StarkQA-PrimeKG Evaluation¶
In this tutorial, we will perform a question-and-answering task on the StarkQA-PrimeKG dataset by utilizing textual embeddings over the queries and nodes.
The following are important publication and repository links related to this work.
# Import necessary libraries
import os
import ast
from typing import Any, Union, List, Dict, Optional
from tqdm import tqdm
import pandas as pd
import numpy as np
import torch
from torchmetrics.functional.retrieval.hit_rate import retrieval_hit_rate
from torchmetrics.functional.retrieval.reciprocal_rank import retrieval_reciprocal_rank
from torchmetrics.functional.retrieval.recall import retrieval_recall
from torchmetrics.functional.retrieval.precision import retrieval_precision
from torchmetrics.functional.retrieval.average_precision import retrieval_average_precision
from torchmetrics.functional.retrieval.ndcg import retrieval_normalized_dcg
from torchmetrics.functional.retrieval.r_precision import retrieval_r_precision
import sys
sys.path.append('../../..')
from aiagents4pharma.talk2knowledgegraphs.datasets.starkqa_primekg import StarkQAPrimeKG
Load StarkQA-PrimeKG¶
The StarkQAPrimeKG
allows to load the data from the HuggingFace Hub if the data is not available locally.
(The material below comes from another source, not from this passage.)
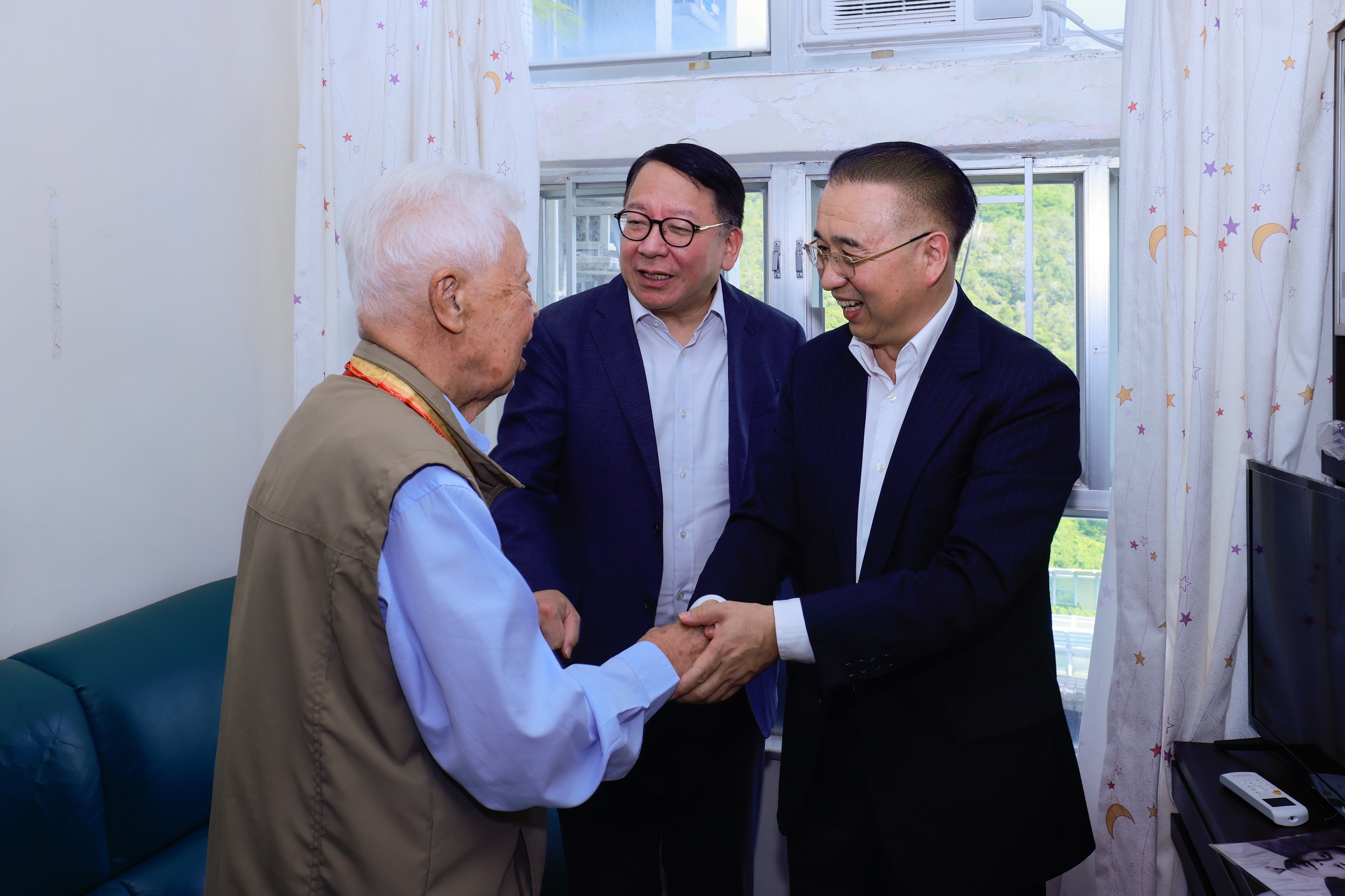慰問老戰士羅競輝。(圖片來源:中央政府駐港聯絡辦)
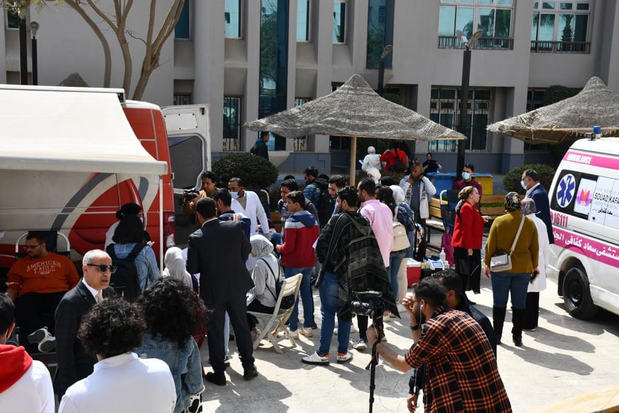 جامعة مصر للعلوم والتكنولوجيا تنظم حملة للتبرع بالدم بالتعاون مع وزارة الصحة| صور

Otherwise, the data is loaded from the local directory as defined in the local_dir
.
# Define starkqa primekg data by providing a local directory where the data is stored
starkqa_data = StarkQAPrimeKG(local_dir="../../../../data/starkqa_primekg/")
To load the dataframes of StarkQA and its split, we just need a method as follows.
# Invoke a method to load the data
starkqa_data.load_data()
# Get the StarkQAPrimeKG data, which are the QA pairs, split indices, and the node information
starkqa_split_indices = starkqa_data.get_starkqa_split_indicies()
Loading StarkQAPrimeKG dataset... ../../../../data/starkqa_primekg/qa/prime/stark_qa/stark_qa.csv already exists. Loading the data from the local directory. Loading StarkQAPrimeKG embeddings...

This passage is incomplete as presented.